Mine vocabulary or sentence rows from YouTube subtitles.

```shell
./saiki.py youtube es VIDEO_ID
./saiki.py youtube es VIDEO_ID --top 50
./saiki.py youtube jp VIDEO_ID --mode sentences
./saiki.py youtube es VIDEO_ID --raw --no-stopwords
```

Export Anki-ready sentence rows:

```shell
./saiki.py youtube es VIDEO_ID --mode sentences --out youtube.tsv
```

Export only rows that appear to contain unknown vocabulary:

```shell
./saiki.py youtube es VIDEO_ID \
  --mode sentences \
  --out youtube_new.tsv \
  --known-words ~/Languages/Anki/anki-words/spanish/words_es.txt \
  --only-new
```

Sentence exports contain:

```text
sentence    timestamp    video_url    vocab_guess
```

### Import

Generate TTS audio and add sentence cards to Anki.

```shell
./saiki.py import es
./saiki.py import jp ~/Languages/Anki/sentences_jp.txt
./saiki.py import es youtube.tsv --tags youtube,manual
```

The importer accepts plain text sentence files and TSV/CSV files with a
`sentence` column. `text-to-speech` is always added as a tag. If `--tags` is not
provided, `AI-generated` is added.

### Known/New Words

Compare any generated word list against an existing known list:

```shell
./saiki.py compare-words transcript_words.txt ~/Languages/Anki/anki-words/spanish/words_es.txt
```

This prints entries from the first file whose word key does not appear in the
second file.

## Card Assumptions

The default configuration assumes Basic notes with audio on `Front` and the
target-language sentence on `Back`. Word mining reads only the first visible
line by default; use `--full-field` to process the whole field.

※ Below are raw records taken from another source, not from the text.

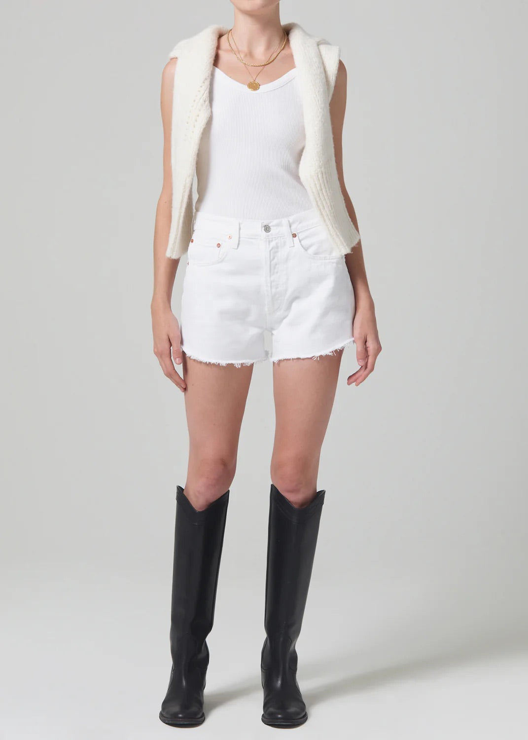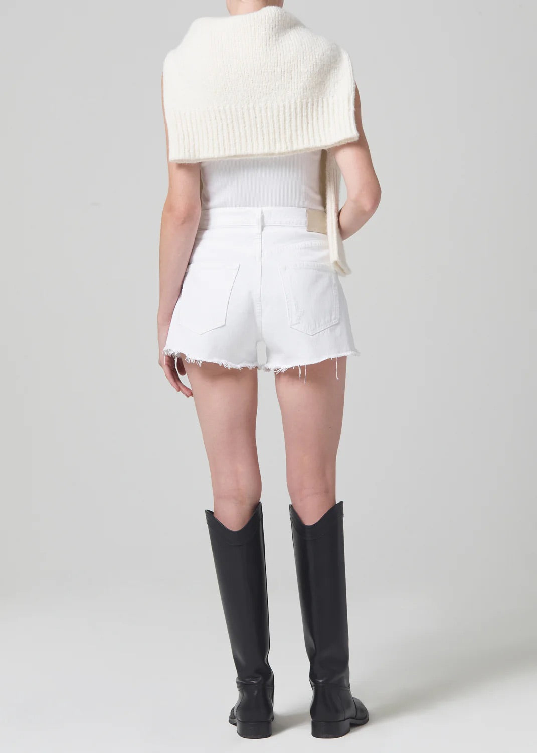 A true summer staple, this relaxed mid-rise offers an easy fit with undone edges. Perfect for a getaway, these ultra-comfortable cut-offs can be styled with virtually anything. We like to pair ours with a classic tee or light sweater.
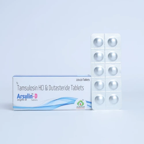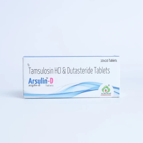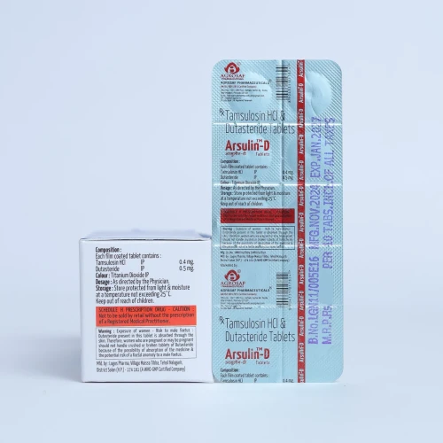 | Description: | ARSULIN D Tablet is a combination of Tamsulosin 0.4mg and Dutasteride 0.5mg, used for the treatment of benign prostatic hyperplasia (BPH) in men. Tamsulosin is an alpha-blocker that relaxes the muscles in the prostate and bladder neck, improving urine flow, while Dutasteride is a 5-alpha reductase inhibitor that reduces prostate size over time. This dual-action therapy provides both immediate symptom relief and long-term disease management. |
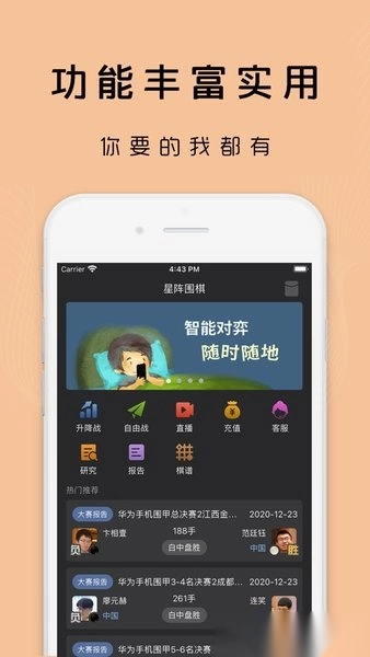 4、升降级对弈中,与星阵真刀真枪的来一盘,净胜两盘一升降。每个等级相差100等级分,时刻反映你的水平提升。
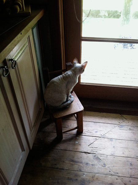 This is my mums cornish rex, India, she’s got a fabulous elegance about her, even while watching the other animals outside (she’s not allowed out because she’s got light skin and white fur sue she’d get sun burn) she sits on a chair. The second photo of her is on the food bin, with her “please feed me” face.
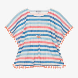 Exclusive to Childrensalon, a pale blue and white striped, hooded romper suit for baby boys and girls by Mitty James. Just right for the pool, beach or after bath time, it is made in comfortable, absorbent cotton towelling. There is a useful pouch pocket on the front with the brand's logo patch and logo taping around the inside of the hood. The romper fastens with easy-to-use poppers between the legs.
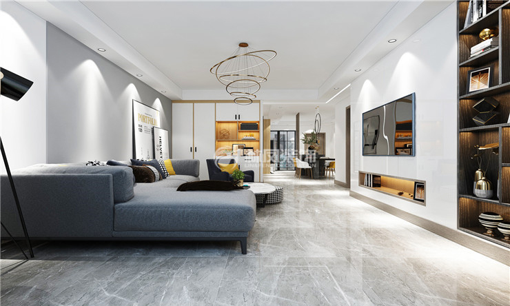 月星國際120平三室兩廳現(xiàn)代風(fēng)格林鳳裝飾的客廳大理石電視墻簡約肅靜,增加了儲物功能,以面及塊和的材質(zhì)延續(xù)整體風(fēng)格,為整個空間打造一種自然的基底效果。

![anki_basic_card_jp](./figures/anki_basic_card_jp.png)

## To Do

- Add support for different Anki note/card types, including configurable field
  mappings per language and per import workflow.
- Support multiple import profiles, such as sentence cards, vocab cards, audio
  cards, and cloze cards.
- Let YouTube exports map directly into configurable note fields, not just a
  fixed `sentence` column.
- Add richer transcript filtering, such as minimum/maximum sentence length,
  duplicate removal, and punctuation cleanup.
- Add optional audio slicing from videos when timestamp data is available.
- Improve known/new word matching with better lemmatization for transcript
  vocabulary.
- Add more language profiles beyond Japanese and Spanish.
- Add a dry-run mode for imports that previews notes before sending anything to
  AnkiConnect.
- Build a GUI for common workflows like transcript review, sentence selection,
  import previews, and configuration editing.
- Add integration tests with mocked AnkiConnect responses.
- Add shell completion or a small installed command once packaging becomes
  useful.

## Tests

Pure logic tests use the standard library test runner:

```shell
python -m unittest discover -s tests
```

## License

This project is licensed under the MIT License. See [`LICENSE`](./LICENSE).